*WHAT IS EXPECTED*: From the line containing "Эта схема используется" down to the last line of the material, output each line exactly as it appears, excluding pictures.

*DATASET EXCERPT*:
◇ ◇ ◇ ◇ ◇ ◇ ◇

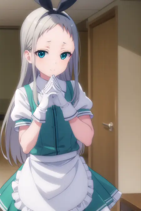 手袋, ドレス, 短い袖, フリル, フワフワの袖, 白い手袋, エプロン, フワフワの短い袖, ウエストエプロン, 白いエプロン, フリル付きエプロン, ウェイトレス,
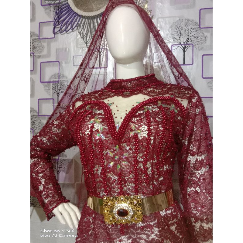 Detail Gaun pengantin berekor
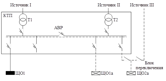 Эта схема используется и в качестве третьих независимых источников при питании электроустановок «особой» категории электроснабжения.
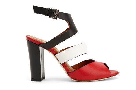Tetovirane Richardsonove ruke drže neobične i upečatljive sandale i torbicu iz kolekcije Valentino Rockstud Rouge i Rockstud Noir.

◇ ◇ ◇ ◇ ◇ ◇ ◇

*WRITTEN ANSWER*:
 Эта схема используется и в качестве третьих независимых источников при питании электроустановок «особой» категории электроснабжения.
Tetovirane Richardsonove ruke drže neobične i upečatljive sandale i torbicu iz kolekcije Valentino Rockstud Rouge i Rockstud Noir.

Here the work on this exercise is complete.